EditRoom: LLM-parameterized Graph Diffusion for Composable 3D Room Layout Editing
Kaizhi Zheng, Xiaotong Chen, Xuehai He, Jing Gu, Linjie Li, Zhengyuan Yang, Kevin Lin, Jianfeng Wang, Lijuan Wang, Xin Eric Wang
TL;DR
EditRoom addresses language-guided 3D room layout editing by introducing a two-component system: an LLM-based command parameterizer that converts natural language instructions into atomic editing operations, and a graph-diffusion-based scene editor that jointly predicts target scene graphs and layouts conditioned on the source scene and the instructions. It augments data with EditRoom-DB, a large synthetic dataset of ~83k editing pairs generated from existing 3D scene repositories, to train and evaluate the approach.
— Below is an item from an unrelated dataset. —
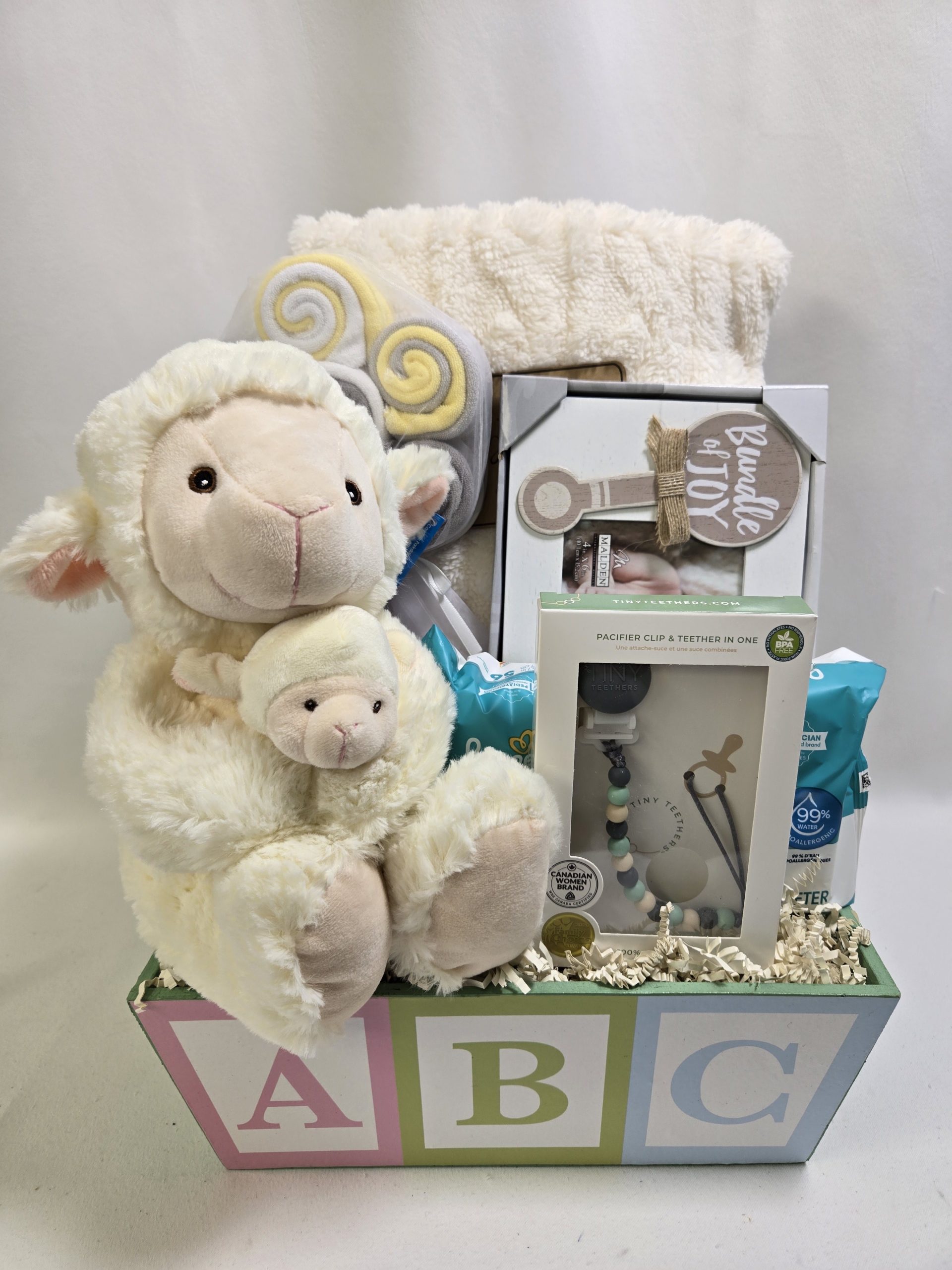 - Presented in a reusable ABC wood tray, wrapped with cellophane and complemented with a handmade bow

Empirically, EditRoom outperforms baselines on single-operation edits across multiple room types and demonstrates generalization to complex, multi-operation prompts without additional training. The work advances end-to-end language-guided 3D scene editing, enabling composable layout changes for applications in VR/AR and gaming, backed by a scalable dataset and a diffusion-based editing framework.
Abstract
Given the steep learning curve of professional 3D software and the time-consuming process of managing large 3D assets, language-guided 3D scene editing has significant potential in fields such as virtual reality, augmented reality, and gaming. However, recent approaches to language-guided 3D scene editing either require manual interventions or focus only on appearance modifications without supporting comprehensive scene layout changes. In response, we propose EditRoom, a unified framework capable of executing a variety of layout edits through natural language commands, without requiring manual intervention. Specifically, EditRoom leverages Large Language Models (LLMs) for command planning and generates target scenes using a diffusion-based method, enabling six types of edits: rotate, translate, scale, replace, add, and remove. To address the lack of data for language-guided 3D scene editing, we have developed an automatic pipeline to augment existing 3D scene synthesis datasets and introduced EditRoom-DB, a large-scale dataset with 83k editing pairs, for training and evaluation. Our experiments demonstrate that our approach consistently outperforms other baselines across all metrics, indicating higher accuracy and coherence in language-guided scene layout editing.